Le Nuits-Saint-Georges Camille Giroud 1928 a un nez qui représente la Bourgogne dans sa pureté absolue. En bouche c’est un miracle de velours, expliquant sans autre forme de procès pourquoi l’on peut se damner pour les bourgognes anciens. Je suis aux anges, dans un état de félicité inébranlable.
Le Chambertin Clos de Bèze Pierre Damoy 1961 me plait presque autant. Charnu, plein en bouche, il exprime le bonheur de vivre d’une année parmi les plus sereines qui soient. Les deux vins sont les accompagnateurs idéaux d’un des plus beaux plats de la gastronomie historique française. Quand Alain nous récite tout ce qui compose le plat, c’est comme un inventaire à la Prévert. Nos yeux s’illuminent et nos papilles sont en folie. Les deux bourgognes magistraux signent une grande page du plaisir de la table.
Le Vega Sicilia Unico 1936 est dans une carafe du fait de l’accident du bouchon à l’ouverture. La couleur est vraiment peu engageante. Le nez est plaisant, capiteux et lourd ; on ne peut pas refuser l’essai. Ce n’est pas un bon vin, mais le témoignage existe. Le Vega Sicilia Unico 1965 montre comme ce vin peut être grand. Epanoui, il frappe toute la table par sa jeunesse invraisemblable et les moins aguerris aux vins anciens se demandent comment cela est possible. C’est la magie de la vie du vin. Celui-ci est trapu, solide, ne s’embarrassant pas de fioritures. Mais il est serein, plein et on n’imagine pas qu’un autre vin puisse coller aussi bien à un lièvre à la royale d’une légèreté insoupçonnée. « Léger » n’est pas l’adjectif le plus naturel pour ce plat, mais ici on est frappé par l’exécution très aérienne d’une recette intelligente.
J’ai ajouté au programme le Château Filhot 1891 car cette bouteille devait être bue au plus vite. Le niveau est très bas, au-delà de la vidange, la couleur est très sombre, comme de la belle terre riche en tourbe, et les premières gouttes que j’avais bues à l’ouverture étaient incertaines. Le goût s’est purifié sur les six heures d’ouverture. On boit de l’histoire et le vin fatigué sait décliner des notes plaisantes d’un grand vin qui a mangé son sucre, comme le veut cette année. C’est une expérience intéressante, même si l’on est loin de ce qu’un tel sauternes pourrait offrir.
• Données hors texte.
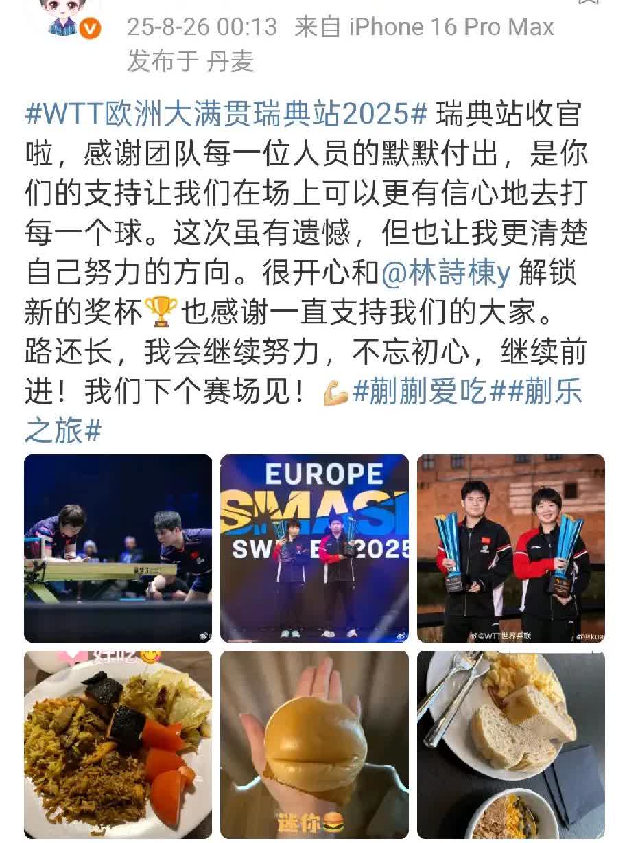 还是蒯曼大气,不仅发文和林诗栋互动,而且前三张配图,都是和林诗栋的合照。 还说很开心和林诗栋解锁新的奖杯,看的出来蒯曼混双夺冠很开心。 也看得出来蒯曼热爱美食,发三张喜欢吃的图片。 喜欢很真实的蒯曼,发图没有都是比赛现场,而是发了更多美食美景。 大满贯蒯曼有遗憾,女单两场内战,会让她五味杂陈吧,和何卓佳险胜,还被挑战鹰眼。 和石洵瑶尽管比分,没上一场那样难看,但连输二次是会有心结的。 蒯曼继续加油努力吧,希望下个赛场看到你的突破。 图片来自网络侵权可删。

Une amicale querelle va naître entre Gérard Besson et moi au sujet de l’ananas au sirop. L’ananas est absolument délicieux et le Gewurztraminer Sélection de Grains Nobles " T " Hugel 1989 est une bombe odoriférante et gustative. C’est un monstre de sucre, hors norme ce qui justifie la lettre « T », d’un vin non mis en vente dans le public. Il est destiné à faire fondre tous les gourmands. Et dans ce contexte, j’aurais évité le sirop trop sucré alors que Gérard voulait que le plat rejoigne l’Alsace. Là où j’aimerais un contraste, Gérard a tendu la main au vin. Je persiste et signe : le sucre du sirop était de trop, alors que l’ananas est d’une subtilité absolue.
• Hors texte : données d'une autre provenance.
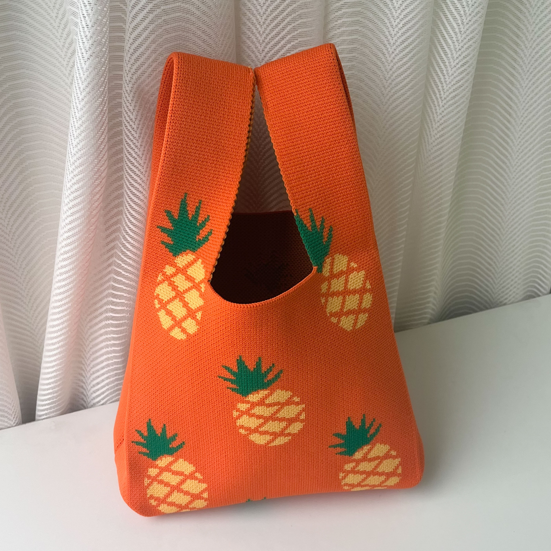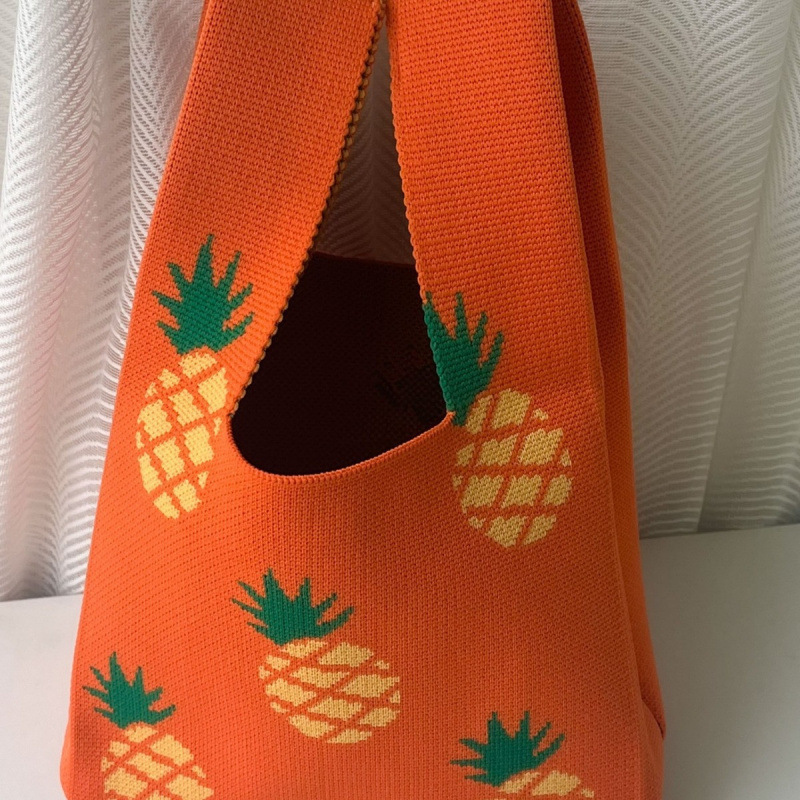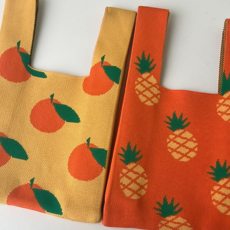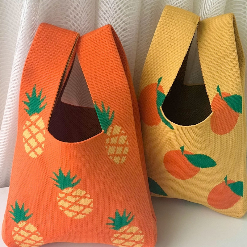 Ins 스타일 니트 만화 귀여운 과일 가방 휴대용 버킷 토트 간단한 숙녀 가방 대용량 짠 가방

L’un des jeunes convives que je connais depuis de longues années rappelle le souvenir ému du jour où je lui ai fait découvrir l’accord Maury et chocolat, un des grands piliers des accords mets et vins. Le dessert au chocolat est une merveille de complications et de légèreté. Et le Maurydoré Estève Désiré 1930 est lui aussi invraisemblablement aérien. C’est un privilège de l’âge que d’assouplir ces vins. Et l’accord est d’une sensualité assumée. Qu’y a-t-il de plus confortable que des Maury anciens qui se sont assagis ? Sans doute rien.
Voter pour quatorze vins est extrêmement difficile. Et les votes sont bien injustes. Mais ils sont aussi extrêmement instructifs. Sur quatorze vins, douze figurent dans les votes des dix convives qui sont limités à quatre vins. Normalement, sur quatorze vins, on se satisferait que sept ou huit reçoivent des votes. Douze, c’est inespéré. Cela montre l’intérêt que ce parcours initiatique suscite. Si le Vega Sicilia Unico 1936 n’a pas de vote, c’est logique, du fait de son état. Si Dom Pérignon 1993 n’en a pas, c’est injuste. Mais c’est logique, parce que ce vin est le plus compréhensible de tous et n’appartient pas au monde des vins anciens que nous venons explorer. Le vote de mon ami expert, l’un des plus grands palais français, est le suivant : 1 – Nuits-Saint-Georges Camille Giroud 1928, 2 – Vin inconnu, Chambertin 1906, 3 – Gewurztraminer Sélection de Grains Nobles " T " Hugel 1989, 4 – Vega Sicilia Unico 1965.
Quatre vins ont eu des votes de premier. Le vin le plus fêté est le Nuits-Saint-Georges Camille Giroud 1928, avec six votes de premier, le Château Laville Haut-Brion 1948 en reçoit deux. Le Château Haut-Brion 1973 et le Vega Sicilia Unico 1965 en reçoivent un chacun.
Le vote du consensus serait : 1 – Nuits-Saint-Georges Camille Giroud 1928, 2 – Château Laville Haut-Brion 1948, 3 – Gewurztraminer Sélection de Grains Nobles " T " Hugel 1989, 4 – Château Haut-Brion 1973. Qui eût cru que ce vin qui me faisait peur serait quatrième sur quatorze vins ?
Mon vote est le suivant : 1 – Nuits-Saint-Georges Camille Giroud 1928, 2 – Château Laville Haut-Brion 1948, 3 – Chambertin Clos de Bèze Pierre Damoy 1961, 4 – Maurydoré Estève Désiré 1930.
Les plats les plus appréciés sont l’oreiller de la « Belle Aurore », fumet plumes et poils et le lièvre à la royale, tête de cèpe. Les deux accords les plus magiques sont celui du suprême de faisane avec le Carbonnieux blanc et l’accord de la lotte avec le Haut-Brion rouge.
L’ambiance fut joyeuse, animée, souriante. L’apport de savoir de mon ami journaliste a été précieux. Le talent de Gérard Besson s’est exprimé avec sérénité et générosité. Alain Gianotti nous a aidés avec efficacité pendant ce parcours. Personne ne voulait quitter la table tant nous nous sentions bien. Nous avons apprécié plusieurs bouteilles qu’aucun hôte n’aurait normalement accepté de servir. Ce parcours dans le monde des saveurs inconnues de notre époque actuelle fut un beau voyage.
Pourquoi ai-je eu l’intuition de rajouter tant de vins ? L’irrationalité qui me dirige est un plaisir de plus.